- _Your task_
Pictures in the data below are not part of the copy; transcribe everything else exactly.

- _Data excerpt_
=====

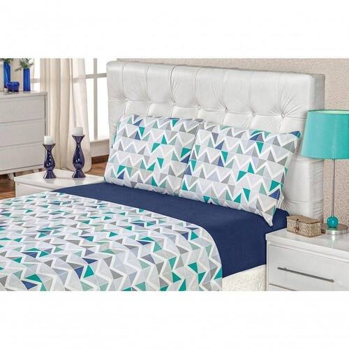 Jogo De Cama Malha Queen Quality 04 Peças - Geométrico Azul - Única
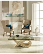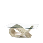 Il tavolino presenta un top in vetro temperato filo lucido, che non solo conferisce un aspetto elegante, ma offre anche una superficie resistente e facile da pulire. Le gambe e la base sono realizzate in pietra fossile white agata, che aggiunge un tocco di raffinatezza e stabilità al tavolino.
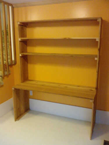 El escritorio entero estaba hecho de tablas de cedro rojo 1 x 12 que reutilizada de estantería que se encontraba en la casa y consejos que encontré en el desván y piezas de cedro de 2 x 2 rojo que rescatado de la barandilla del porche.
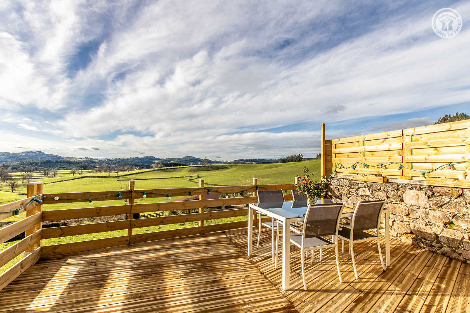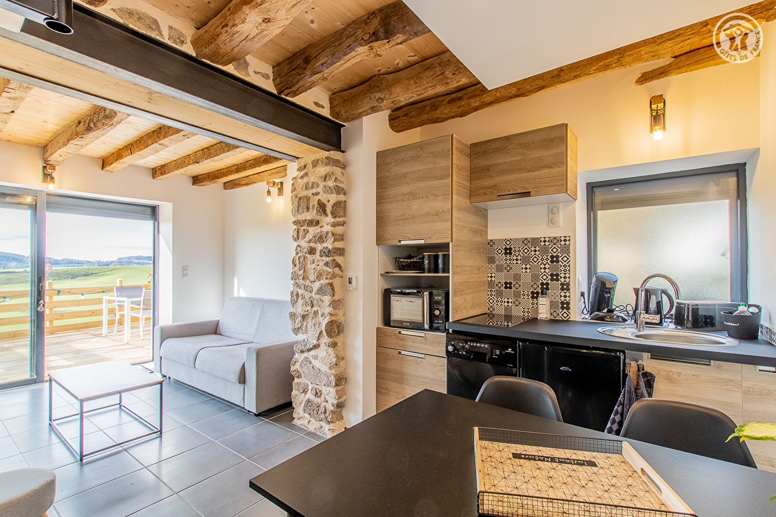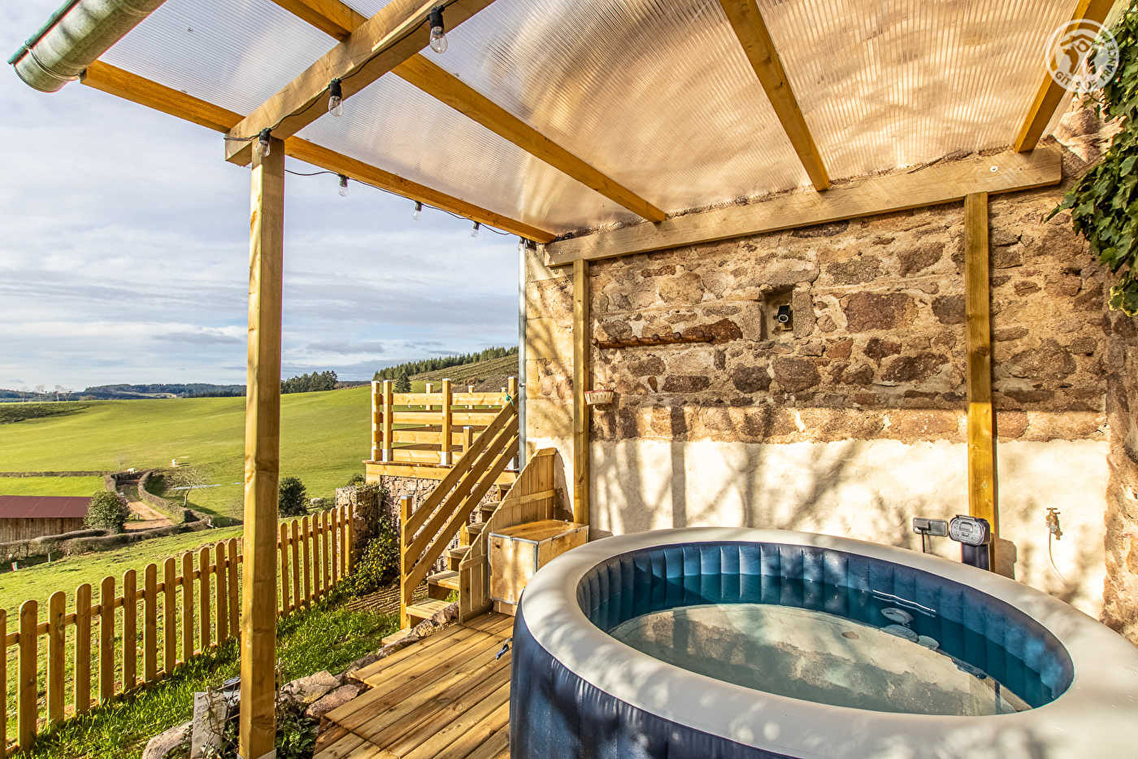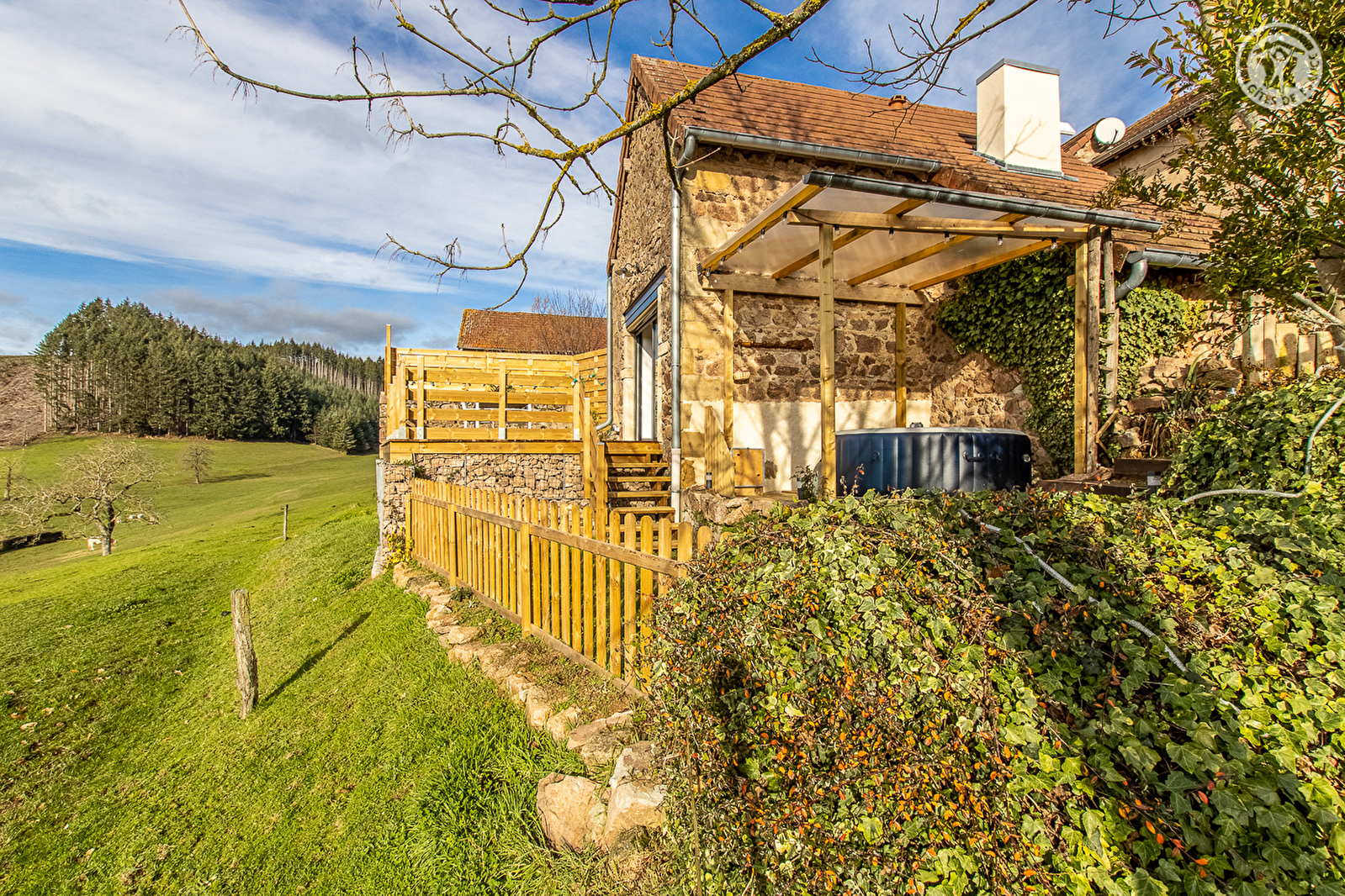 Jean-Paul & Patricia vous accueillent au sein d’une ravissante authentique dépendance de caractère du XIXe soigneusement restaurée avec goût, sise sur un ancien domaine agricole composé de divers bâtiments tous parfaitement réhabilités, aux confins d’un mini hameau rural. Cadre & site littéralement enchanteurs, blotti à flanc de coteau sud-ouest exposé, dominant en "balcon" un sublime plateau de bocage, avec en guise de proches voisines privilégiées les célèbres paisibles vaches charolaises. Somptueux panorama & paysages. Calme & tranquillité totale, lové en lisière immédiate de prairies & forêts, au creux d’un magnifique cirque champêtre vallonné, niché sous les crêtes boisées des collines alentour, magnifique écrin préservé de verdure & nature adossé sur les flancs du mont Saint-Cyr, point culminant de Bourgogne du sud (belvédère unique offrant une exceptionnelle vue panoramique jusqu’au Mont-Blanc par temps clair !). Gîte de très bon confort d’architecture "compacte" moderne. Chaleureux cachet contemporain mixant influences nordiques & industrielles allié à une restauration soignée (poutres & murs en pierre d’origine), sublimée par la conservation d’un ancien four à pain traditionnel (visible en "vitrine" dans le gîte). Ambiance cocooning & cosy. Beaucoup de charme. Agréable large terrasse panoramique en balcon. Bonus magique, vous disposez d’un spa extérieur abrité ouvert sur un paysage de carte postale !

=====

- _Solution for this task_
 Jogo De Cama Malha Queen Quality 04 Peças - Geométrico Azul - Única
 Il tavolino presenta un top in vetro temperato filo lucido, che non solo conferisce un aspetto elegante, ma offre anche una superficie resistente e facile da pulire. Le gambe e la base sono realizzate in pietra fossile white agata, che aggiunge un tocco di raffinatezza e stabilità al tavolino.
 El escritorio entero estaba hecho de tablas de cedro rojo 1 x 12 que reutilizada de estantería que se encontraba en la casa y consejos que encontré en el desván y piezas de cedro de 2 x 2 rojo que rescatado de la barandilla del porche.
 Jean-Paul & Patricia vous accueillent au sein d’une ravissante authentique dépendance de caractère du XIXe soigneusement restaurée avec goût, sise sur un ancien domaine agricole composé de divers bâtiments tous parfaitement réhabilités, aux confins d’un mini hameau rural. Cadre & site littéralement enchanteurs, blotti à flanc de coteau sud-ouest exposé, dominant en "balcon" un sublime plateau de bocage, avec en guise de proches voisines privilégiées les célèbres paisibles vaches charolaises. Somptueux panorama & paysages. Calme & tranquillité totale, lové en lisière immédiate de prairies & forêts, au creux d’un magnifique cirque champêtre vallonné, niché sous les crêtes boisées des collines alentour, magnifique écrin préservé de verdure & nature adossé sur les flancs du mont Saint-Cyr, point culminant de Bourgogne du sud (belvédère unique offrant une exceptionnelle vue panoramique jusqu’au Mont-Blanc par temps clair !). Gîte de très bon confort d’architecture "compacte" moderne. Chaleureux cachet contemporain mixant influences nordiques & industrielles allié à une restauration soignée (poutres & murs en pierre d’origine), sublimée par la conservation d’un ancien four à pain traditionnel (visible en "vitrine" dans le gîte). Ambiance cocooning & cosy. Beaucoup de charme. Agréable large terrasse panoramique en balcon. Bonus magique, vous disposez d’un spa extérieur abrité ouvert sur un paysage de carte postale !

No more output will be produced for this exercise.